In light of the above, it is expected that a successful action made by the political intimidation imposed by the Article 226 or 227 will end up with the MS complying with its duties under Community law. Conversely, sometimes it is necessary to use the fines system of the Article 228 EC to guarantee that the Member States will not ignore the Commission and continue to act in breach of EU law. Under this Article, ‘the Member State must take “the necessary measures to comply with the judgement of ECJ”. Though, this remedy is not completely satisfactory as ECJ case law has shown that there is neither time limit for the Member State to comply with the obligation nor that the action has to be taken instantly like in Case 291/93 Commission v. Italy (1994) ‘. The fines should be based on the gravity, duration of the breach and financial capacity of the Member State and the amount can be quite considerable. The ECJ has started using its power under Article 228 in Case 387/97 Commission v. Greece (2000), and went to a very hostile way in Case 304/02 Commission v. France (2005), applying both penalty payment and lump sum fine.

The case law has shown that the ECJ has been extremely concerned to the commitment of Member States under Article 226 and started to employ the Article 228 to enforce Community law in an ostensive way. Consequently, Member States have the responsibility to give effect to the ECJ’s judgement as it has force judicata and the “judgment may constitute the basis for State Liability”. The Treaty of Lisbon brings amendments to the Article 228, extending the infraction procedures to the 3rd pillar and empowering the ECJ to use the Article 226 in cases of non-notification of transposition measures in directive cases. However, we can not deny the fact that the infraction procedures can take too long – like in Commission v. France (2006), which lasted 21 years – to come to an end.

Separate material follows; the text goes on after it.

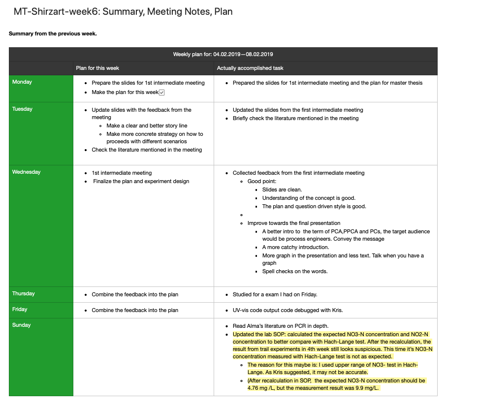 However, with all these plans implemented, My supervisor still had the impression that I didn’t have a plan. It means something went wrong in my execution. Having a plan doesn’t guarantee success. You need to be able to execute it, measure it, reflect on each week’s process, and improve on it.
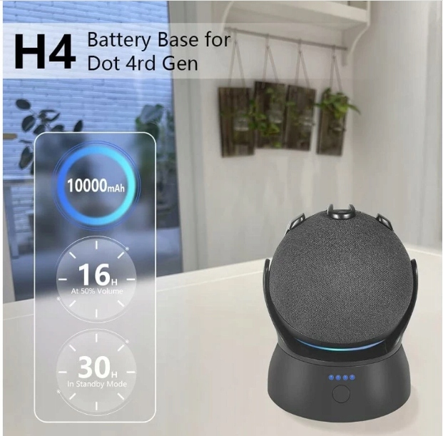 Підвищте мобільність свого Echo Dot 4th Gen завдяки сучасній бездротовій базі з великою ємністю акумулятора!

For that reason, it is necessary sometimes to take actions to reach a temporary solution while the case is still pending, using the Articles 242 and 243 to suspend Member States’ national legislation incoherent with EU law and to have an action of ECJ protecting individuals interests.

Taking everything into account, including the criticism about the deficiency of the enforcement procedure, the uninterested approach under the Commission’s discretion together with it’s arbitrary, selective, sometimes unfair, oppressive and specially slow or lenient position as the guardian of the treaty, it is unquestionable the fact that the infraction procedures has faced a positive development over the years due to the work of the ECJ, bringing more effectiveness to Community law and protection to the primacy of the Community interest.